To do> From the material below, please set down exactly the lines starting with the one with "大きな岩を降りて水辺まで行っ" and going on through the one with "이 부분은 본 글에서", without a single picture.

Supplied information>
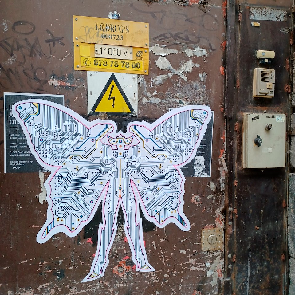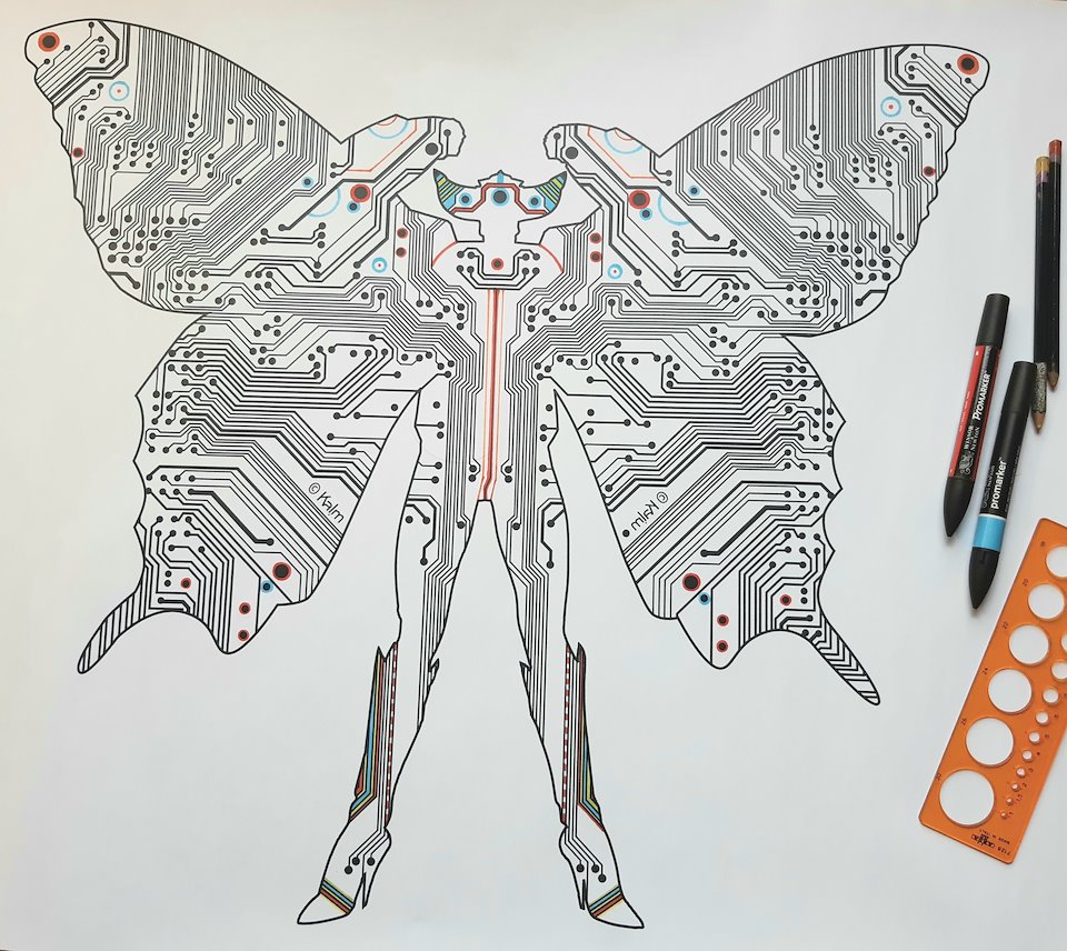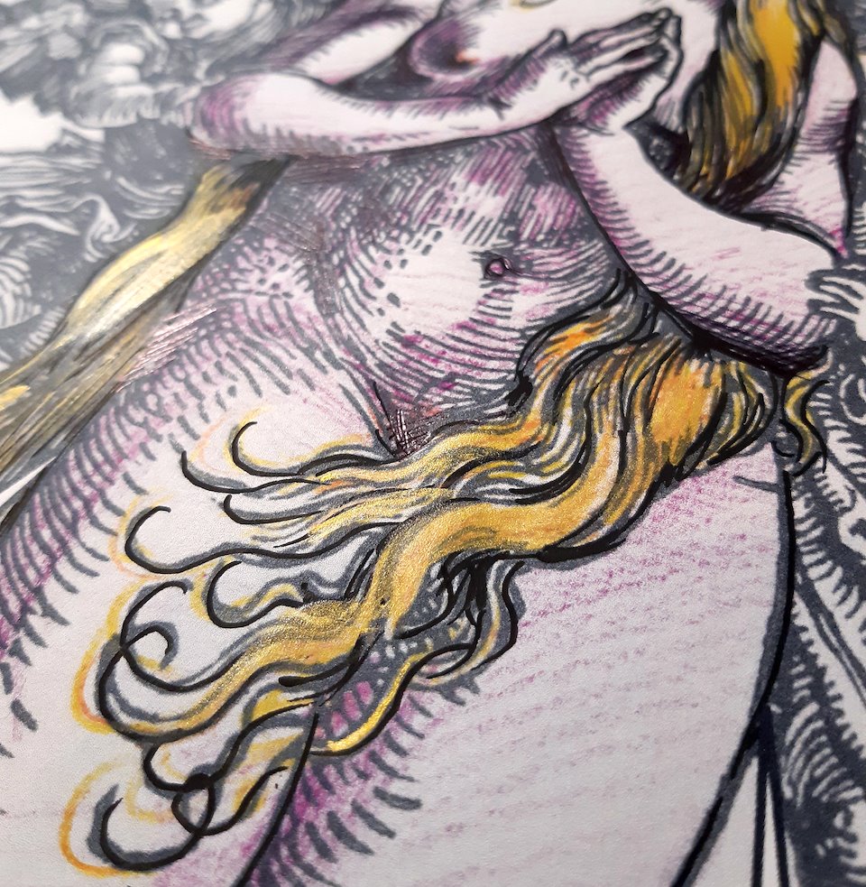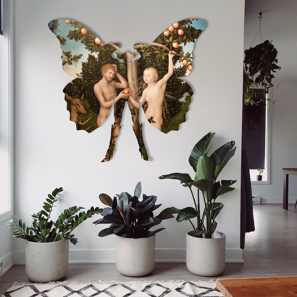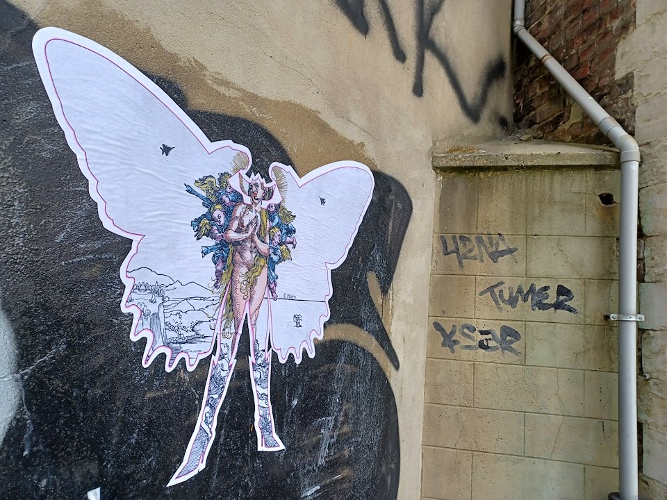 For that picture, I paint inspired by Martin Schongauer's engraving " The Virgin of the Annunciation " introduced into the body of a butterfly humanoid hybrid cut with a laser cutting machine.
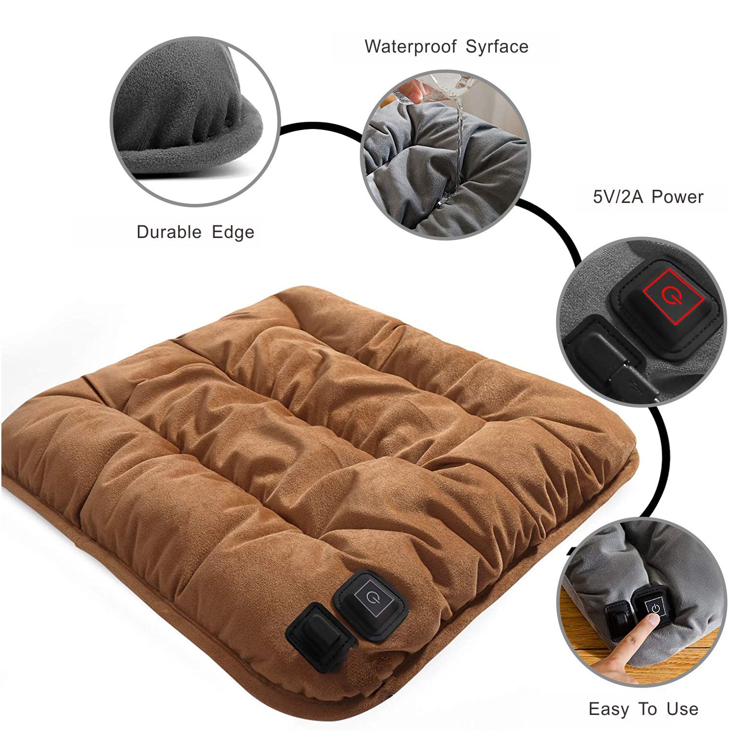 Safe& Reliable- The USB interface is easy to use. The connector is wear-resistant and durable, with built-in overheat, over voltage and short circuit protection modules and overtime power-off function. Each cushion is accompanied by an official power cable for fast heating. The USB connector can support 5V/2A: power bank, computer, socket, car USB as power supply.
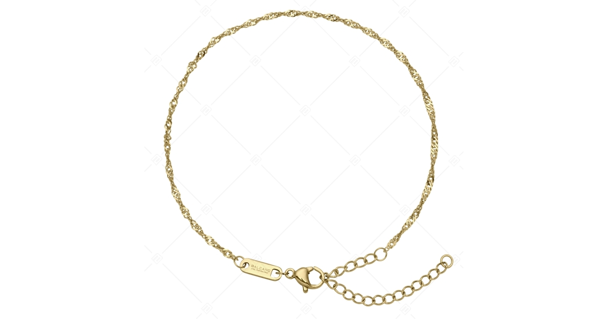 Szingapúri típusú, azaz csavart pancer láncos bokalánc, 18K arany bevonattal ellátva. Antiallergén, 316L orvosi nemesacél ékszer. Kiváló minőségének köszönhetően rendeltetésszerű használat során nem mattul el, nem rozsdásodik.
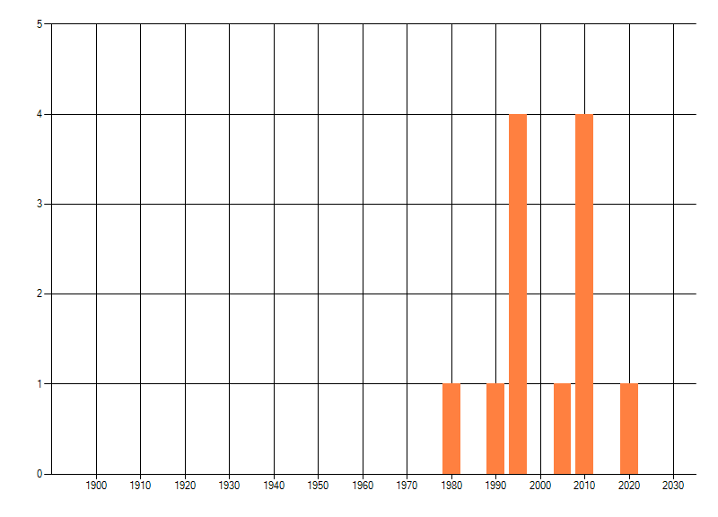 Het aantal atlasblokken (5x5 km) waarin de soort is gemeld binnen een periode van vijf jaar (vanaf 1980) of twintig jaar. Niet gecorrigeerd voor waarnemersinspanning en het aantal doorgegeven waarnemingen kan sterk variëren per periode, dus een trend in verspreiding kan hier niet direct uit worden afgelezen. Het opgegeven jaartal is het eerste jaar van de periode. Bron: gevalideerde waarnemingen uit de NDFF.
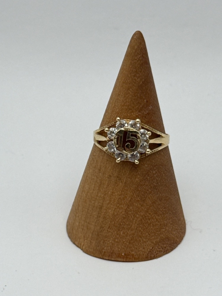 14K YELLOW GOLD 1.8G quinceanera ''15'' RING SIZE 8
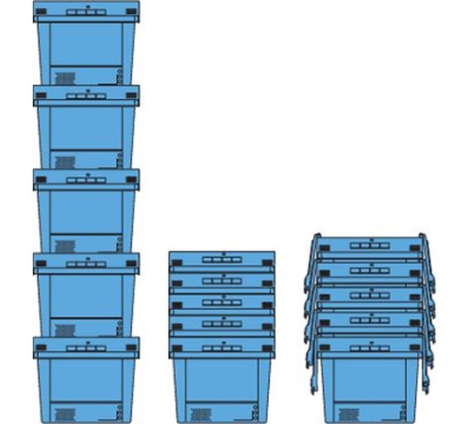 | Tip | Boja | Nosivost | Naslagana nosivost | Volumen | Vanjske dimenzije | Unutarnje dimenzije | Komada / pak | Ref broj | |
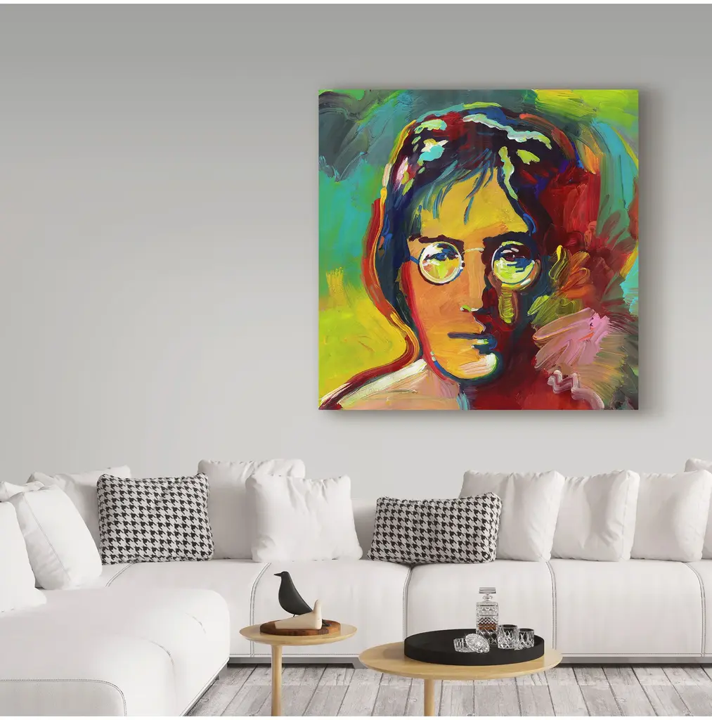 Artist: Howie GreenSubject: PeopleStyle: Bold & Eclectic ModernProduct Type: Gallery-Wrapped Canvas ArtMade in USAThis ready to hang, gallery-wrapped art piece features a colorful portrait of John Lennon.Howie Green came to international attention with the publication of his first book "Jazz Fish Zen". His work has garnered over 45 awards and won Absolut Vodka's 25th Anniversary art competition in Boston, MA. Howie's work has been featured in over 40 solo and group shows. He has created over 50 public art pieces and murals including 3 Cow Parade figures, a holiday mural for Boston City Hall, 4 giant golf balls for the PGA Tour in Rochester, NY, and 2 of his car designs were chosen as finalists in Volkswagen Polo's design competition in Copenhagen, Denmark.Giclee (jee-clay) is an advanced printmaking process for creating high quality fine art reproductions. The attainable excellence that Giclee printmaking affords makes the reproduction virtually indistinguishable from the original piece. The result is wide acceptance of Giclee by galleries, museums, and private collectors. Gallery wrap is a method of stretching an artist's canvas so that the canvas wraps around the sides and is secured a hidden, wooden frame. This method of stretching and preparing a canvas allows for a frameless presentation of the finished painting.
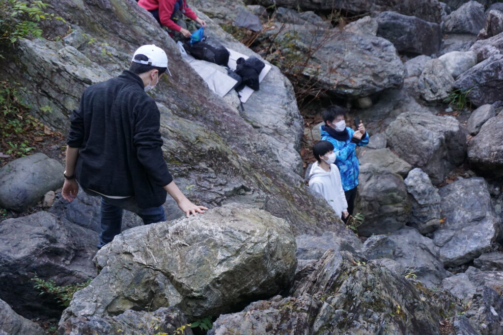 大きな岩を降りて水辺まで行ったり、吊り橋から写真を撮ったり、岩の上でのんびりしたり、思い思いの時間を過ごしました。
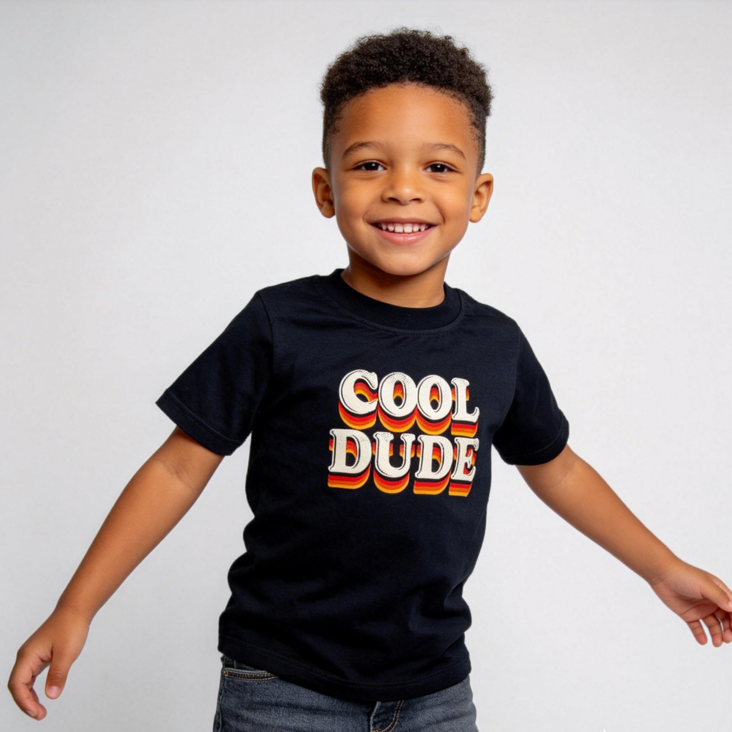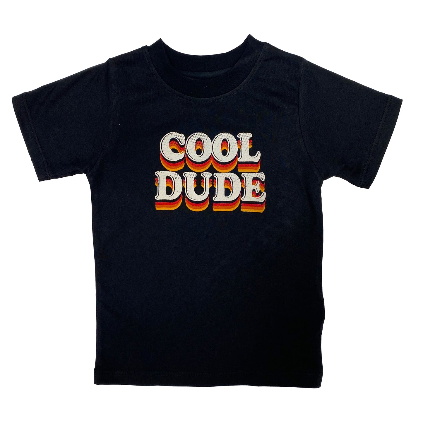 Let your little guy show off his confident, cool side with our Boys' "Cool Dude" Retro Short Sleeve T-Shirt—a bold, nostalgic piece that blends retro style with kid-friendly comfort. The black base features the phrase “COOL DUDE” in a chunky, retro font with a gradient orange-and-red drop shadow, creating a 70s-inspired look that feels both timeless and modern. The classic crew neck and short sleeves provide a simple, casual silhouette—making this tee a standout in any playdate or backyard adventure.
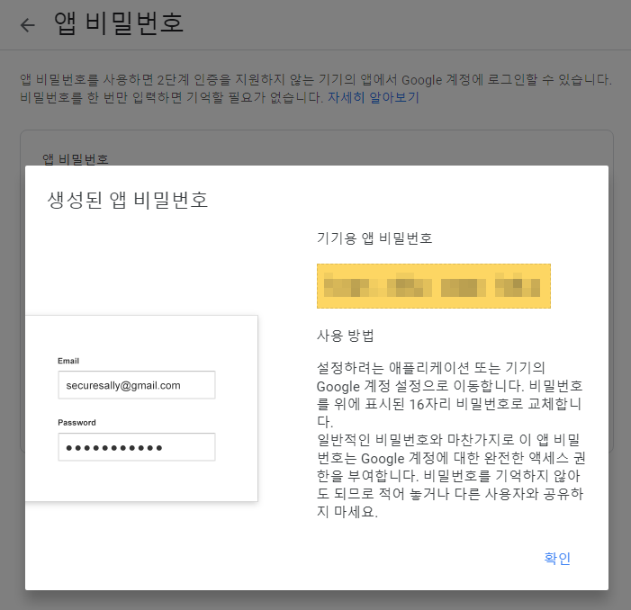 이 부분은 본 글에서 자세히 설명하지 않는다. 구글 정책과 화면이 자주 바뀌어서 적어놓아도 몇달 후면 의미가 없는 경우가 다수 있었기 때문이다. 앱 비밀번호를 발급 받으면 아래의 사진처럼 비밀번호가 나타난다.
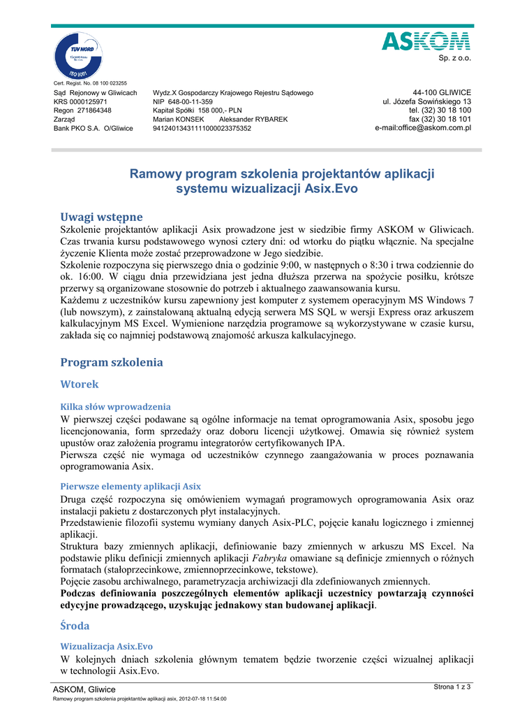 Sp. z o.o. Cert. Regist. No. 08 100 023255 Sąd Rejonowy w Gliwicach KRS 0000125971 Regon 271864348 Zarząd Bank PKO S.A. O/Gliwice Wydz.X Gospodarczy Krajowego Rejestru Sądowego NIP 648-00-11-359 Kapitał Spółki 158 000,- PLN Marian KONSEK Aleksander RYBAREK 94124013431111000023375352 44-100 GLIWICE ul. Józefa Sowińskiego 13 tel. (32) 30 18 100 fax (32) 30 18 101 e-mail:[email protected] Ramowy program szkolenia projektantów aplikacji systemu wizualizacji Asix.Evo Uwagi wstępne Szkolenie projektantów aplikacji Asix prowadzone jest w siedzibie firmy ASKOM w Gliwicach. Czas trwania kursu podstawowego wynosi cztery dni: od wtorku do piątku włącznie. Na specjalne życzenie Klienta może zostać przeprowadzone w Jego siedzibie. Szkolenie rozpoczyna się pierwszego dnia o godzinie 9:00, w następnych o 8:30 i trwa codziennie do ok. 16:00. W ciągu dnia przewidziana jest jedna dłuższa przerwa na spożycie posiłku, krótsze przerwy są organizowane stosownie do potrzeb i aktualnego zaawansowania kursu. Każdemu z uczestników kursu zapewniony jest komputer z systemem operacyjnym MS Windows 7 (lub nowszym), z zainstalowaną aktualną edycją serwera MS SQL w wersji Express oraz arkuszem kalkulacyjnym MS Excel. Wymienione narzędzia programowe są wykorzystywane w czasie kursu, zakłada się co najmniej podstawową znajomość arkusza kalkulacyjnego. Program szkolenia Wtorek Kilka słów wprowadzenia W pierwszej części podawane są ogólne informacje na temat oprogramowania Asix, sposobu jego licencjonowania, form sprzedaży oraz doboru licencji użytkowej. Omawia się również system upustów oraz założenia programu integratorów certyfikowanych IPA. Pierwsza część nie wymaga od uczestników czynnego zaangażowania w proces poznawania oprogramowania Asix. Pierwsze elementy aplikacji Asix Druga część rozpoczyna się omówieniem wymagań programowych oprogramowania Asix oraz instalacji pakietu z dostarczonych płyt instalacyjnych. Przedstawienie filozofii systemu wymiany danych Asix-PLC, pojęcie kanału logicznego i zmiennej aplikacji. Struktura bazy zmiennych aplikacji, definiowanie bazy zmiennych w arkuszu MS Excel. Na podstawie pliku definicji zmiennych aplikacji Fabryka omawiane są definicje zmiennych o różnych formatach (stałoprzecinkowe, zmiennoprzecinkowe, tekstowe). Pojęcie zasobu archiwalnego, parametryzacja archiwizacji dla zdefiniowanych zmiennych. Podczas definiowania poszczególnych elementów aplikacji uczestnicy powtarzają czynności edycyjne prowadzącego, uzyskując jednakowy stan budowanej aplikacji. Środa Wizualizacja Asix.Evo W kolejnych dniach szkolenia głównym tematem będzie tworzenie części wizualnej aplikacji w technologii Asix.Evo. ASKOM, Gliwice Ramowy program szkolenia projektantów aplikacji asix, 2012-07-18 11:54:00 Strona 1 z 3 Utworzenie aplikacji od podstaw przy pomocy kreatora W tym punkcie zostanie pokazane jak utworzyć nową aplikację od zera oraz przy pomocy kreatora. W trakcie tego procesu zostanie zbudowana baza zmiennych oraz zdefiniowane kanały komunikacyjne i archiwa. Omówienie nowego środowiska projektowego oraz podstawowych elementów aplikacji (okno, panel, diagram). Omówienie układu i przeznaczenia kartotek projektu. Tworzenie pierwszych elementów graficznych W tym punkcie pokazany zostanie proces projektowania diagramów wizualizacyjnych. Utworzenie diagramu oraz omówienie jego parametrów podstawowych. Umieszczenie na diagramie podstawowych obiektów typu Tekst i Obraz, omówienie ich podstawowych własności. Operacje edycyjne na obiektach (wyrównanie, nałożenie, grupowanie etc.). Dodanie do diagramu obiektów wyświetlających wielkości analogowe: Miernik, Tekst. Użycie panelu podglądu zmiennych do kontroli stanu zmiennych. Uruchamianie aplikacji Uruchomienie całej aplikacji lub pojedynczego diagramu w trybie testowym (podglądu). Utworzenie skrótu do startowania aplikacji z poziomu systemu operacyjnego, uruchomienie aplikacji z tego skrótu. Omówienie trybów pracy programu. Techniki tworzenia aplikacji cz.1 Definiowanie i używanie stałych napisowych dla aplikacji wielojęzycznych. Parametryzacja obiektów pod kątem przekroczenia limitów. Właściwości stanowe, zdarzenia. Formatowanie wyświetlanych wartości liczbowych. Użycie funkcji do sparametryzowania właściwości stanowych. Parametryzacja obiektów z użyciem prefiksów (~, #,&,@,%,!,=,^). Definiowanie właściwości diagramu. Zastosowanie parametrów diagramu. Utworzenie grupy obiektów i na jej podstawie wzorca obiektu. Użycie wzorca w definiowaniu diagramu, automatyczne aktualizowanie wzorców. Zdefiniowanie obiektu Wykres wraz z obiektem Kontroler Wykresu. Powiązanie kontrolera z grupą wykresów na diagramie. Uruchomienie aplikacji na przeglądarce Omówienie funkcji publikacji aplikacji na serwerze WWW. Czwartek Wizualizacja Asix.Evo cd. Kolejny dzień szkolenia będzie w dalszym ciągu dotyczył procesu konfigurowania aplikacji. Przegląd i omówienie obiektów, funkcji i akcji operatorskich. Omówienie wszystkich obiektów wizualizacyjnych i ich parametryzacji. Omówienie najważniejszych funkcji stosowanych w systemie wyrażeń. Omówienie najważniejszych akcji operatorskich i ich parametrów. Techniki tworzenia aplikacji cz.2 Omówienie sterowania natychmiastowego lub z potwierdzeniem na przykładach obiektów Tekst, Przycisk oraz Suwak. Omówienie różnych trybów pracy obiektu przycisk (jako przełącznik). Animacje rurociągów, taśmociągów oraz położenia i rozmiarów obiektów z wykorzystaniem zmiennej Counter. ASKOM, Gliwice Ramowy program szkolenia projektantów aplikacji asix, 2012-07-18 11:54:00 Strona 2 z 3 Przeźroczystość okien i obiektów. Definiowanie i wykorzystanie przebiegów wzorcowych. Parametryzacja systemu zabezpieczeń Omówienie system zabezpieczeń aplikacji, definiowanie użytkowników, ról i uprawnień. Kontrola uprawnień na diagramach. Konfiguracje wielostanowiskowe Definiowanie st

Solution>
 大きな岩を降りて水辺まで行ったり、吊り橋から写真を撮ったり、岩の上でのんびりしたり、思い思いの時間を過ごしました。
 Let your little guy show off his confident, cool side with our Boys' "Cool Dude" Retro Short Sleeve T-Shirt—a bold, nostalgic piece that blends retro style with kid-friendly comfort. The black base features the phrase “COOL DUDE” in a chunky, retro font with a gradient orange-and-red drop shadow, creating a 70s-inspired look that feels both timeless and modern. The classic crew neck and short sleeves provide a simple, casual silhouette—making this tee a standout in any playdate or backyard adventure.
 이 부분은 본 글에서 자세히 설명하지 않는다. 구글 정책과 화면이 자주 바뀌어서 적어놓아도 몇달 후면 의미가 없는 경우가 다수 있었기 때문이다. 앱 비밀번호를 발급 받으면 아래의 사진처럼 비밀번호가 나타난다.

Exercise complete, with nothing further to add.